ENTRIES PROVIDED:
== == ==
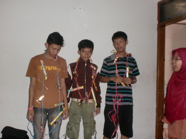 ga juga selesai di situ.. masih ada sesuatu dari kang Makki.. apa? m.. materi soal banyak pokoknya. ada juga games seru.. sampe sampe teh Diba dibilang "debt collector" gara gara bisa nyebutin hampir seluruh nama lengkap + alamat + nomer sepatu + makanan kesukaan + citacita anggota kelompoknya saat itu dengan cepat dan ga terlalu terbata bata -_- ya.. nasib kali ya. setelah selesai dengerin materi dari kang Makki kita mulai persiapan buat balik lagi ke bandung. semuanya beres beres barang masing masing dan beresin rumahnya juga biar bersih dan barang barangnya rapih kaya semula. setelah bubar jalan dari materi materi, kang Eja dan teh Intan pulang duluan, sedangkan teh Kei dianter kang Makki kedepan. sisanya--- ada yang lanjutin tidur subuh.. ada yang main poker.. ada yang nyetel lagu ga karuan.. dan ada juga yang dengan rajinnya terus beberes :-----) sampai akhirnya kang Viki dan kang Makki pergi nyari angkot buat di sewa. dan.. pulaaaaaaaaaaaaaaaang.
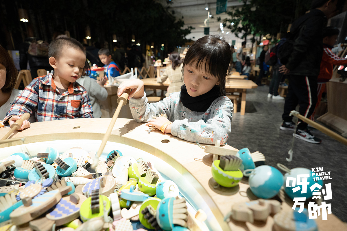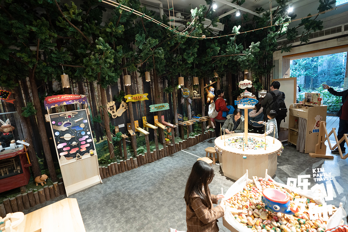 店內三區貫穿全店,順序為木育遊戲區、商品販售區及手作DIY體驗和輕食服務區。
== == ==
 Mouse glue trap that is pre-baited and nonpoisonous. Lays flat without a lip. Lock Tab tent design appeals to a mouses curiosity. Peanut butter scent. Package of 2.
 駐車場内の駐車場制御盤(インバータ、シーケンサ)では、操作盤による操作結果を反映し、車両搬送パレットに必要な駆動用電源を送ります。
== == ==
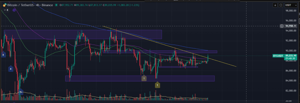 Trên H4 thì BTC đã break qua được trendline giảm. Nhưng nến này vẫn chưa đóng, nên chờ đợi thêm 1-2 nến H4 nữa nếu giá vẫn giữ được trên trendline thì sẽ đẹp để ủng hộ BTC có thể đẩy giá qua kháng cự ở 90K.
== == ==
WHAT NEEDS TO BE DONE:
Lines wanted from the entries above: the one with "ga juga selesai", the one with "店內三區貫穿全店,順序為木育遊戲區、商品販售區及手作DIY體驗和輕食服務區。", and all lines between. Please copy them exactly, without the pictures and without anything else.

TASK ANSWER:
 ga juga selesai di situ.. masih ada sesuatu dari kang Makki.. apa? m.. materi soal banyak pokoknya. ada juga games seru.. sampe sampe teh Diba dibilang "debt collector" gara gara bisa nyebutin hampir seluruh nama lengkap + alamat + nomer sepatu + makanan kesukaan + citacita anggota kelompoknya saat itu dengan cepat dan ga terlalu terbata bata -_- ya.. nasib kali ya. setelah selesai dengerin materi dari kang Makki kita mulai persiapan buat balik lagi ke bandung. semuanya beres beres barang masing masing dan beresin rumahnya juga biar bersih dan barang barangnya rapih kaya semula. setelah bubar jalan dari materi materi, kang Eja dan teh Intan pulang duluan, sedangkan teh Kei dianter kang Makki kedepan. sisanya--- ada yang lanjutin tidur subuh.. ada yang main poker.. ada yang nyetel lagu ga karuan.. dan ada juga yang dengan rajinnya terus beberes :-----) sampai akhirnya kang Viki dan kang Makki pergi nyari angkot buat di sewa. dan.. pulaaaaaaaaaaaaaaaang.
 店內三區貫穿全店,順序為木育遊戲區、商品販售區及手作DIY體驗和輕食服務區。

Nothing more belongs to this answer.